Immediately after the fall of the Soviet Union, Dagestan and other republics experienced an influx of Arab ideologues promoting a fundamentalist brand of Islam that had nothing but contempt for local traditions, according to local Sufis.

“They taught us Arabic. They brought us trucks full of Wahhabi literature translated into Russian,” said Patimat Magomedova, 37, a schoolteacher, referring to the Saudi, fundamentalist interpretation of Islam. “They told us not to recognize Sufi sheikhs, or any of our traditional knowledge of Islam.”

Young Dagestanis also study Islam at universities of Syria, Egypt, Jordan, Turkey and other centers providing free Islamic education. A local government commission estimates that 1,000 Dagestan students travel to the Middle East for higher education, mostly religious education.

“One of the most important ideas behind our reform of Islamic education is to provide students with fundamental knowledge of Islam at home, in Russia,” said Yuriy Mikhailov, an author who has urged the Kremlin to underwrite moderate education programs and institutions.

“And then later, when they turn 25, they can continue their graduate and post-graduate programs at universities that Russia has agreements with. The state needs to keep records of students getting education abroad, and of universities they go to.”



The numbers

16 million
people in Russia, or approximately 11 percent of the population, profess a Muslim faith, though estimates vary.

$30 million
was spent by the Russian Ministry of Education and Science on Islamic education throughout the country.

2.5 million
Muslims - mostly immigrants - are estimated to reside in Moscow, more than any European capital except Istanbul.

Not all the Islamic universities of Dagestan want funding or help from Moscow. About 150 miles south of Makhachkala, in the five-thousand-year-old town of Gubden, the Islamic community has survived political changes.

In Soviet times, Gubden’s madrasah was turned into a culture club. The Alims, or men of learning, continued to teach children secretly at homes, using old Arabic books. In the last decade, Gubden’s conservative Islamic community reconstructed their Madrasah. Imams put money the town’s believers contribute together to build small businesses to keep the schools independent financially. They own a gas station and founded their own fire brigade.

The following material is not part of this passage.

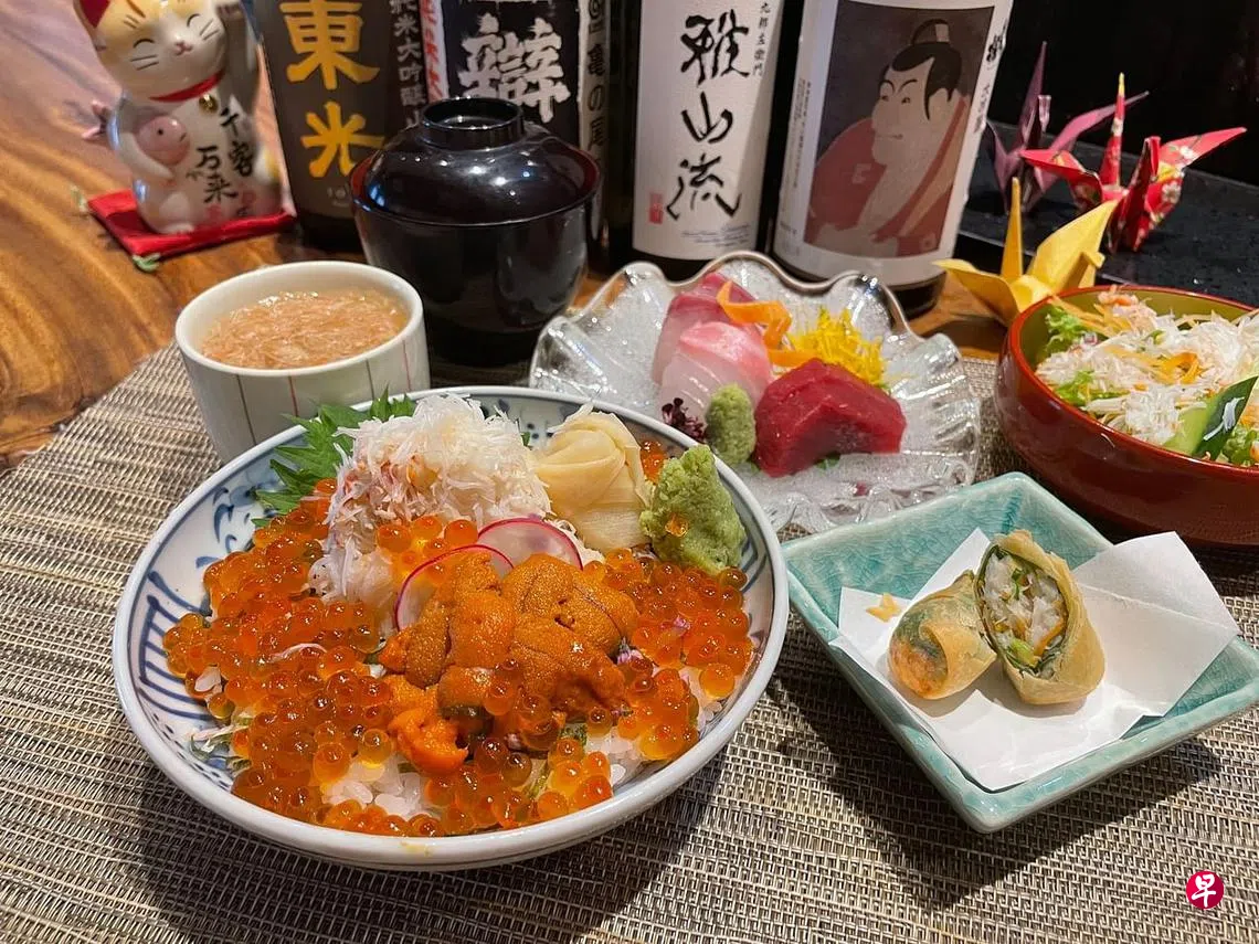 北海道大闸蟹来自太平洋,蟹壳上都是刺,体积比一般螃蟹来得小,肉质却是鲜甜结实。餐馆推出的北海道大闸蟹午间套餐($88)以四种方式呈现,包括:大闸蟹蒸豆皮、大闸蟹沙拉、大闸蟹春卷,以及卖相澎湃的大闸蟹海鲜盖饭,其上铺满鱼卵和鲜美海胆,还奉上刺身与味噌汤。
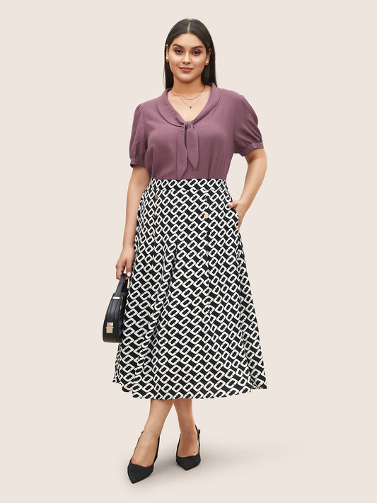 Solid Pocket Tie Neck Lantern Sleeve Belted Arc Hem Dress

Last year Gubden’s university lost its state license, but the rector of Gubden Madrasah and University, Akram, said that it did not stop his 500 or so students from attending lessons.

“All we want from the state is to please leave us in peace, please leave us alone. We taught our children Islam for hundreds of years, we have our old books and our Alims to teach Islam, Praise Allah,” rector Akram said.

The rector introduces reporters to his students, hundreds of children and college students in every classroom of Gubden’s Madrasah. They sit on the floor swaying from side to side, learning the Koran by heart.

This is not the kind of teaching the Kremlin’s educational leaders have in mind.

Like Lokshina of Human Rights Watch, Mikhailov argues that different views of Islam should be vented, not suppressed.

“Dagestan cannot solve its problems only by police methods – this way we just push the religious opposition out of our society and into the guerilla movement,” he said. “Free media and civil society should become the channels for the heated emotions instead. And that is the biggest gap in our work.”